PMI data was mostly looked past by markets as they all beat expectations but remain firmly in contractionary territory. Second quarter UK GDP will no doubt be horrific, but the Bank of England have already stated the drop could be a much as 25%. As a side note, it’s important to remember that diffusion indices such as the PMIs are likely to surprise positively going forward as they are at exceptionally low bases, since they simply ask whether things ‘improve’ or ‘worsen’ versus the previous month.
Negative rates…not yet
Probably more important last week was talk by Bank of England officials, including both the Governor and deputy Governor, about the next steps in monetary policy, with a gilt auction trading negative exciting some and the market now pricing for rates to fall below zero by November this year.

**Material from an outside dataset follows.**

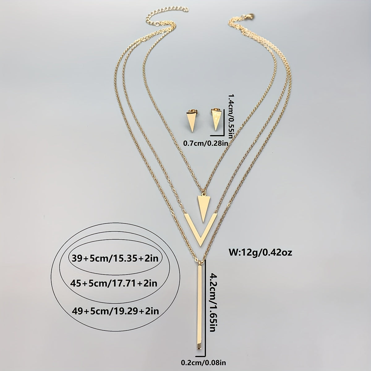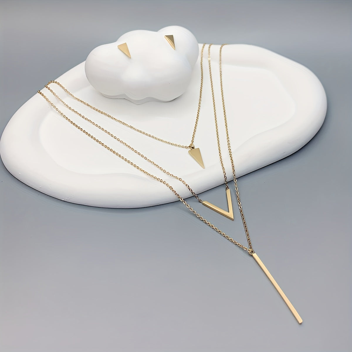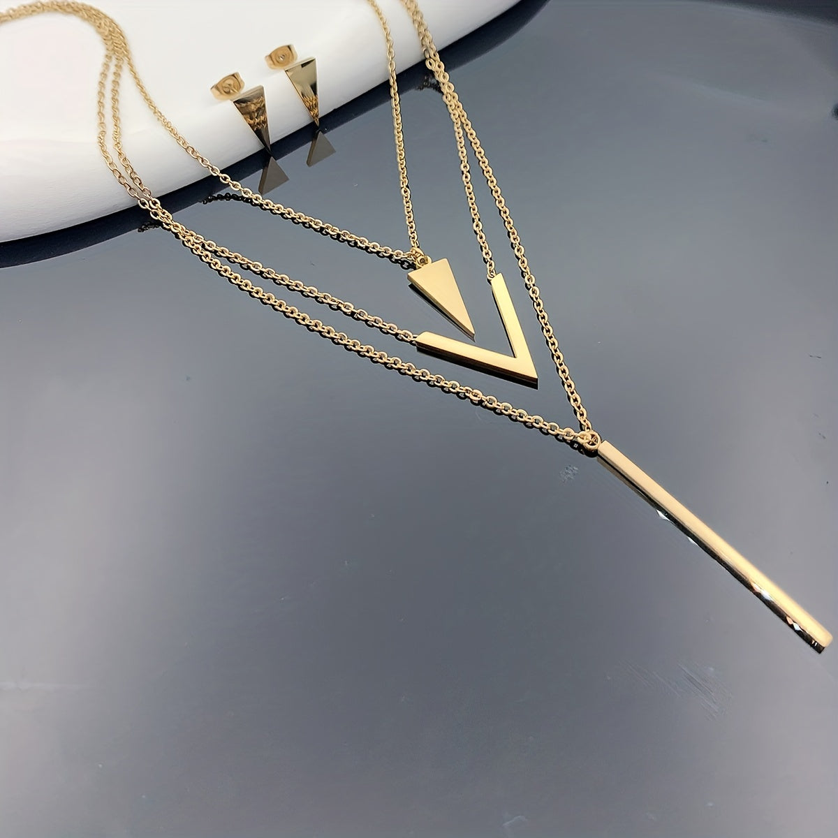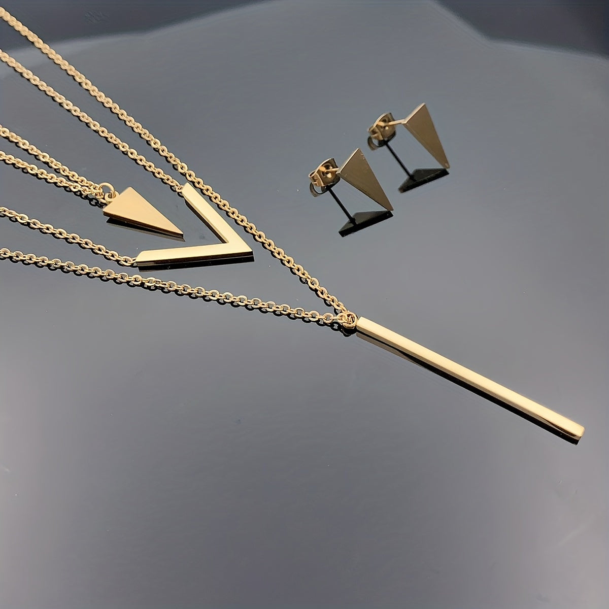 Uch dona zanglamas po'latdan yasalgan uzun tasma V-shaklidagi geometrik pendant, ko'p qatlamli marjon va uchburchakli sirg'alar bilan. Tug'ilgan kun yoki bayram sovg'asi, kiyim bezaklari yoki partiya aksessuarlar sifatida mukammal.

Governor Bailey confirmed negative rates were under ‘active review’ which is a U-turn from just a week ago when he said the BoE were not ‘planning or contemplating’ this. However, he remained far from suggesting that they’re around the corner, stating simply that ruling out a policy choice would be foolish, while the bank’s own programme has indicated negative rates are more likely to be introduced in the autumn, rather than the next meeting in June, if the economy requires additional stimulus.
‘Plus ca change’ in Brexit talks
After the recent failed trade discussions with the EU, which pushed GBP to its lowest point since late-March. we’ve saw increasingly frosty exchanges between both sides last week. UK and EU negotiators are set to resume the next round of talks on June 1, which comes ahead of the leaders’ summit in mid-June.
It is unlikely at this stage that the two sides can hash out an outline of a ‘Canada-style’ agreement. Instead it seems the UK wants a ‘lite’ FTA with a lengthy implementation phase and some of the current UK-EU arrangements, like security and data, preserved until a final deal is done.
The bar seems very low to any kind of positive newsflow during the next few weeks. which is otherwise likely to push EUR/GBP towards 0.91, with potentially some consolidation of the recent breakout first. A move below 1.2076 in cable would be very negative with only psychological support at 1.20 ahead of a move towards 1.15.